Stored data entries
BEGIN

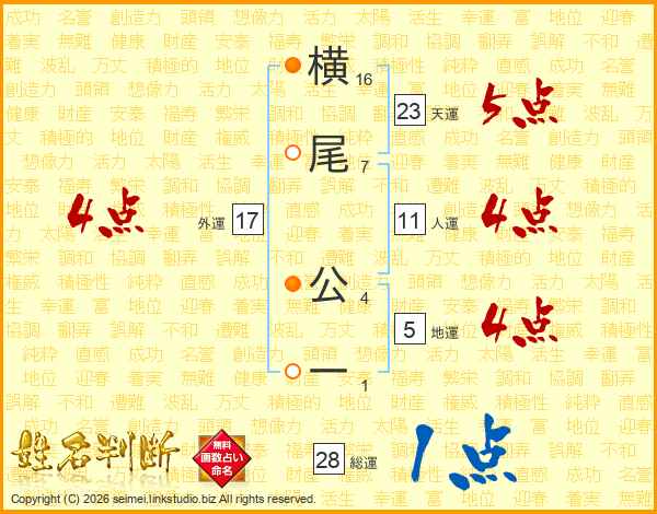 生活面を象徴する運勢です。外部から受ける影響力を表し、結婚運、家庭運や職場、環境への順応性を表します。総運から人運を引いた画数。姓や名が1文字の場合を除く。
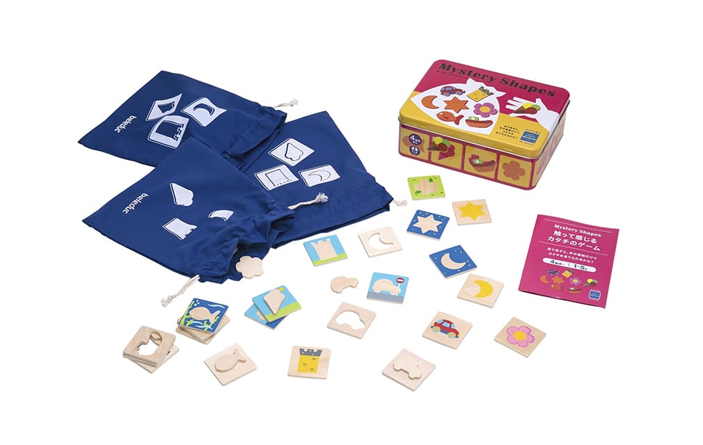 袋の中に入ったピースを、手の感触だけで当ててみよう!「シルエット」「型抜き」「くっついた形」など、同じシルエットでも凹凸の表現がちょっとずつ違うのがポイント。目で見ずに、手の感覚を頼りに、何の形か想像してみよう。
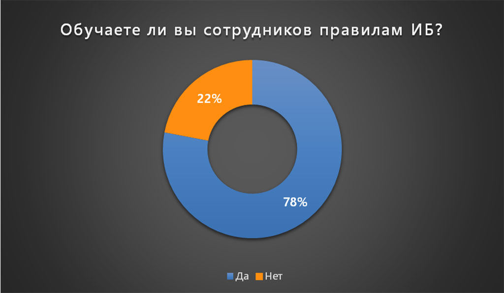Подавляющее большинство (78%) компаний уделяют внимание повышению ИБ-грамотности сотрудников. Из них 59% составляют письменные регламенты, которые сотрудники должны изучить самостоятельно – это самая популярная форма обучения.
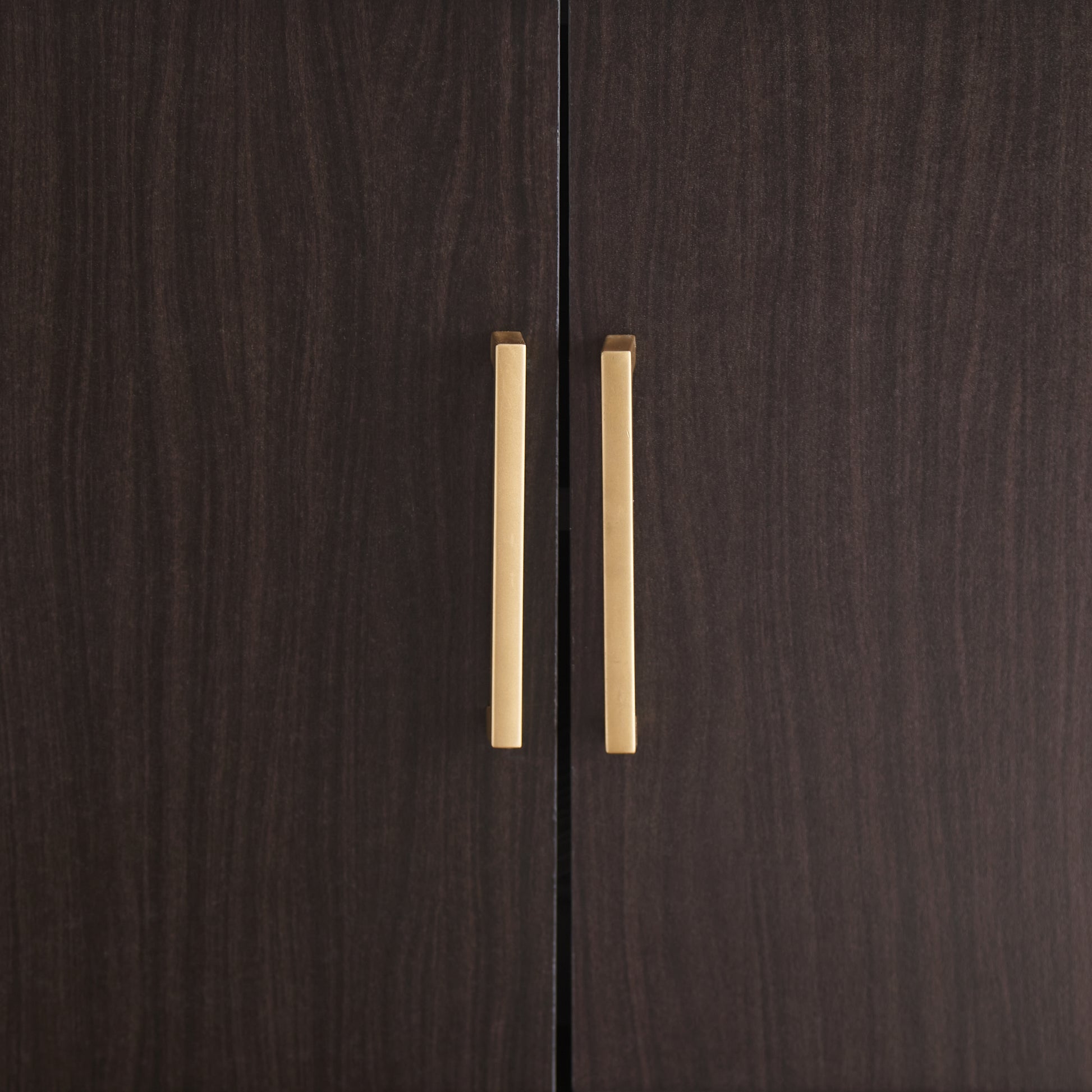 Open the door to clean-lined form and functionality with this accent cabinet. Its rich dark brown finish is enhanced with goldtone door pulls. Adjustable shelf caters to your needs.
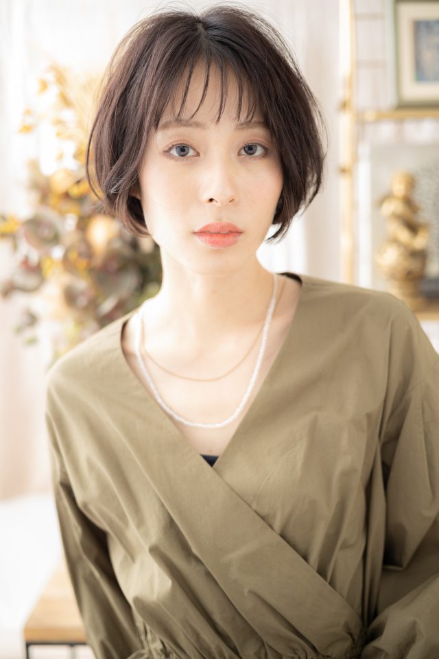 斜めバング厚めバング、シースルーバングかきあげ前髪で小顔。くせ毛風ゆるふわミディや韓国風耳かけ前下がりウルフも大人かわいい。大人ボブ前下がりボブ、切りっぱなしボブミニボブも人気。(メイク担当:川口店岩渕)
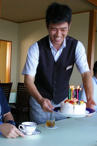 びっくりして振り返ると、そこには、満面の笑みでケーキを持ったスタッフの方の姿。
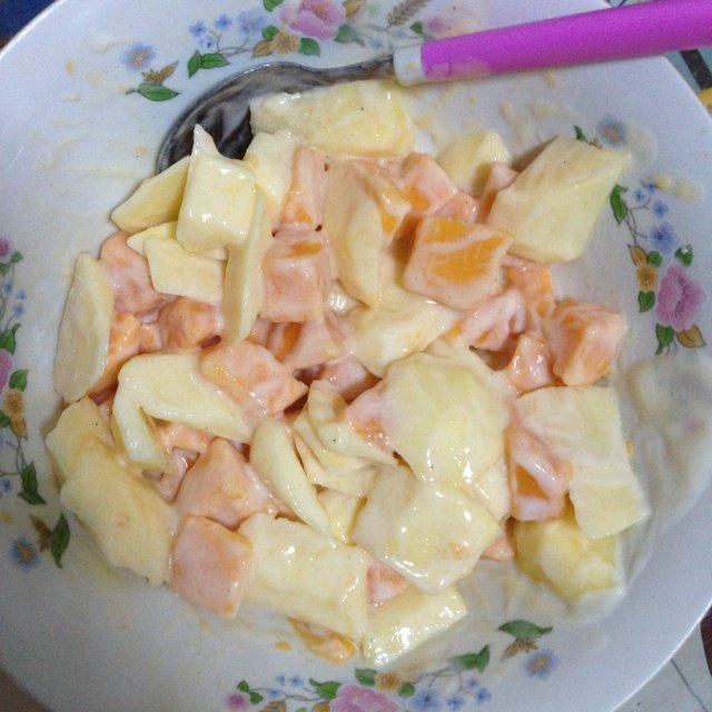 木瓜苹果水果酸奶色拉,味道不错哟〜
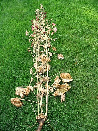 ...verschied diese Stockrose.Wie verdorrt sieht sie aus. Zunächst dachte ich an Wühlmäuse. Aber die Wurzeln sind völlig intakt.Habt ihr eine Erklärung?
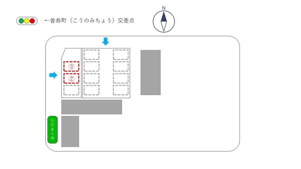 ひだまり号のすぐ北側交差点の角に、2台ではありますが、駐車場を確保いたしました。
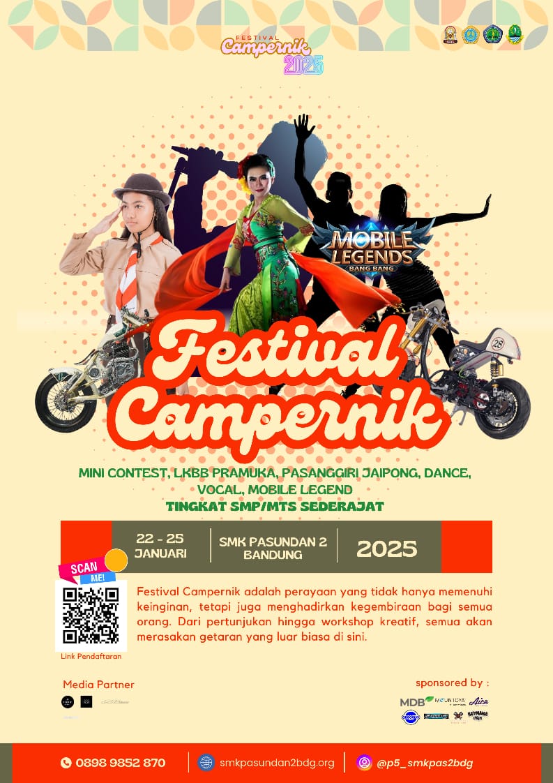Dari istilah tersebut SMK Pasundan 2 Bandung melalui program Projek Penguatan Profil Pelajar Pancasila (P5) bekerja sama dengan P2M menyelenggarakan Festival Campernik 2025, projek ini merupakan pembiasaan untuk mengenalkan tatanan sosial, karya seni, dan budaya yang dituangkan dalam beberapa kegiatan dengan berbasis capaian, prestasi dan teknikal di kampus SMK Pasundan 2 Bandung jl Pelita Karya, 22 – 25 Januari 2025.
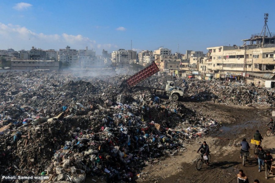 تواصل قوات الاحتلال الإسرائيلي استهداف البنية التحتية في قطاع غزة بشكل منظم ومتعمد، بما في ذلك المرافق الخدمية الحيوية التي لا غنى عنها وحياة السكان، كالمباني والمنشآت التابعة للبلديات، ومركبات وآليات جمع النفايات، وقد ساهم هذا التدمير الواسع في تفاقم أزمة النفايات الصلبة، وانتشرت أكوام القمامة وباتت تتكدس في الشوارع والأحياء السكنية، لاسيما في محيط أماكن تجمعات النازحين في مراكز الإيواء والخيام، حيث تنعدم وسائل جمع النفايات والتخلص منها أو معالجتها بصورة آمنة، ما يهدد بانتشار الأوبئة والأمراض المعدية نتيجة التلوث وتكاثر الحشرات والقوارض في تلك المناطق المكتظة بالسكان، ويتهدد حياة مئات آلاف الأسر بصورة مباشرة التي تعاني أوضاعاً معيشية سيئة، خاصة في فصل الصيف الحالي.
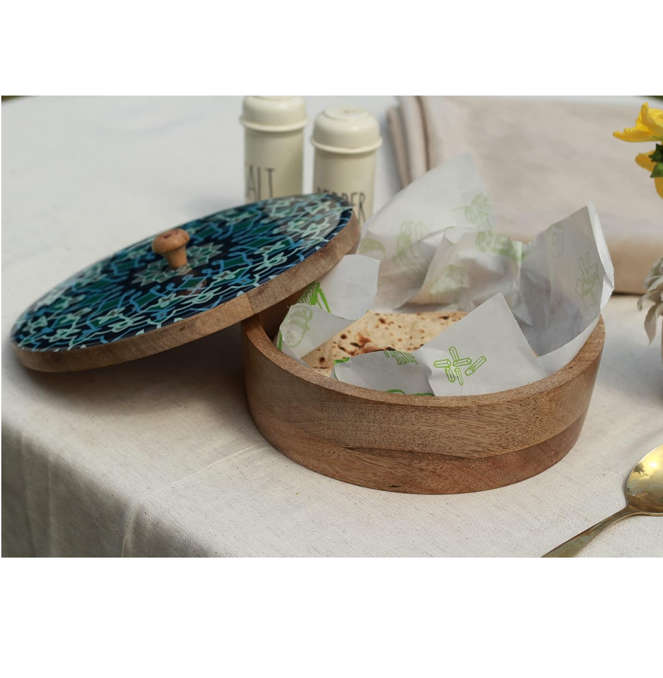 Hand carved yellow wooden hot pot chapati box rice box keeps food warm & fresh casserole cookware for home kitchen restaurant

END

Your instructions = Output only the lines above from the one containing "木瓜苹果水果酸奶色拉,味道不错哟〜" to the one containing "ひだまり号のすぐ北側交差点の", both included, exactly as written and with no pictures.

Answer to this exercise =
 木瓜苹果水果酸奶色拉,味道不错哟〜
 ...verschied diese Stockrose.Wie verdorrt sieht sie aus. Zunächst dachte ich an Wühlmäuse. Aber die Wurzeln sind völlig intakt.Habt ihr eine Erklärung?
 ひだまり号のすぐ北側交差点の角に、2台ではありますが、駐車場を確保いたしました。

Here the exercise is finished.